**Your assignment**
Your copy of the entries below should hold exactly the lines from the one containing "电竞体育9月30报道 LCK" to the one containing "Attaya Ashwagandha Tea", inclusive, and no pictures.

**Data in this exercise**

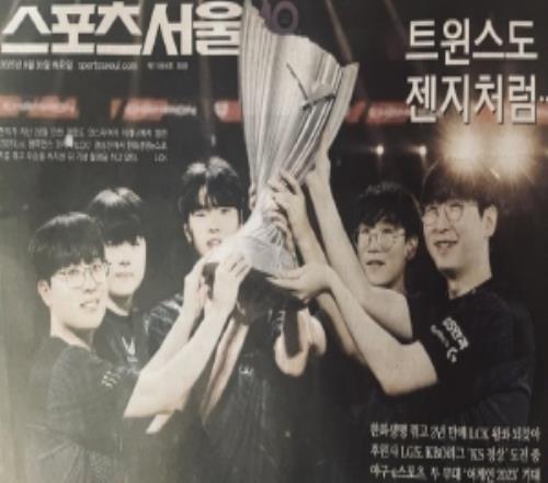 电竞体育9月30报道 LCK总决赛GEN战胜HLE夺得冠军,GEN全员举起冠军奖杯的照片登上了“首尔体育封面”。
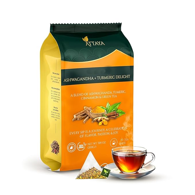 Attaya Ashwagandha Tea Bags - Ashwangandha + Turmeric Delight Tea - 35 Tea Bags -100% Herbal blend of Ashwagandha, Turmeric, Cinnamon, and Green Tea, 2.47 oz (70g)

--

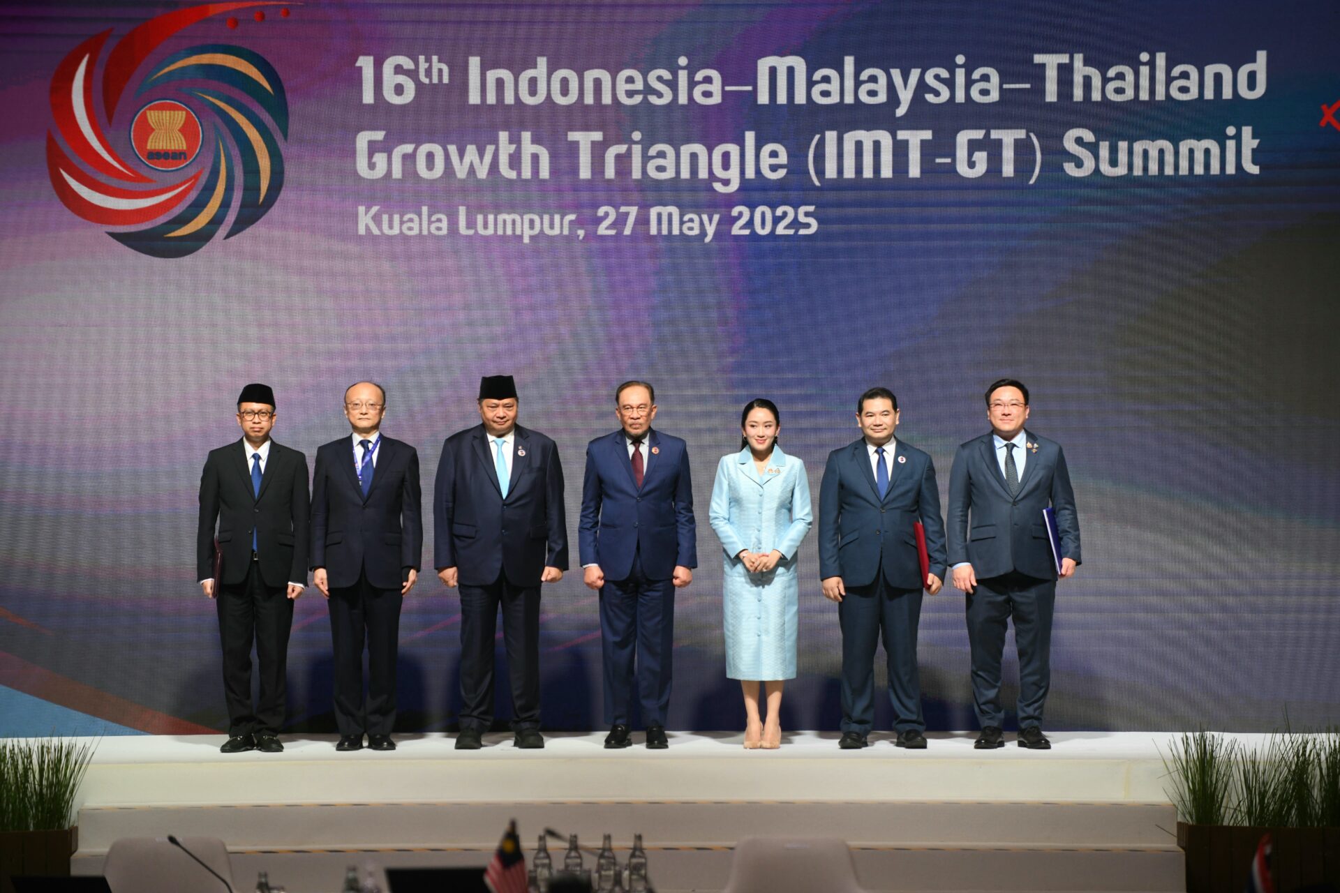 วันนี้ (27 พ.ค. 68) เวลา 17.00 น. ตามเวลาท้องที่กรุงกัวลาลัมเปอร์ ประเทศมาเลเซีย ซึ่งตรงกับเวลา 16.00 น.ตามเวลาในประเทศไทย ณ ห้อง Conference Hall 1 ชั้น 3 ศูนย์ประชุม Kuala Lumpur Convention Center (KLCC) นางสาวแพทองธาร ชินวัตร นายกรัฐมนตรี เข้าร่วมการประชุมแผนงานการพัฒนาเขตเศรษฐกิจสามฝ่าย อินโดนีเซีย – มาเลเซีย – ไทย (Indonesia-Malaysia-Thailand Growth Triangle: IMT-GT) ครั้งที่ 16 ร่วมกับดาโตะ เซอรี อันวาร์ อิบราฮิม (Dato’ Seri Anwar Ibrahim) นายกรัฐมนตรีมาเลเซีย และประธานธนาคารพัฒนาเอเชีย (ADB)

...

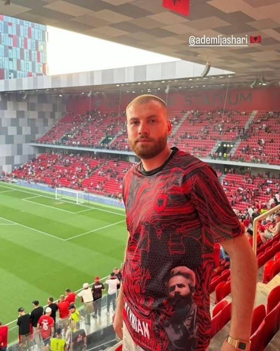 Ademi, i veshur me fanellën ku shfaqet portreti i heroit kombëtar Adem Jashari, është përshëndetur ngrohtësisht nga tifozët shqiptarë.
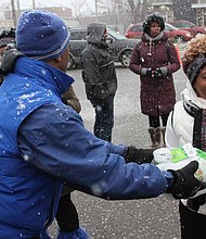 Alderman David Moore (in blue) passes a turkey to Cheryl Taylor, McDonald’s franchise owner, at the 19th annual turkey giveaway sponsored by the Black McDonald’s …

**Output of the task**
 电竞体育9月30报道 LCK总决赛GEN战胜HLE夺得冠军,GEN全员举起冠军奖杯的照片登上了“首尔体育封面”。
 Attaya Ashwagandha Tea Bags - Ashwangandha + Turmeric Delight Tea - 35 Tea Bags -100% Herbal blend of Ashwagandha, Turmeric, Cinnamon, and Green Tea, 2.47 oz (70g)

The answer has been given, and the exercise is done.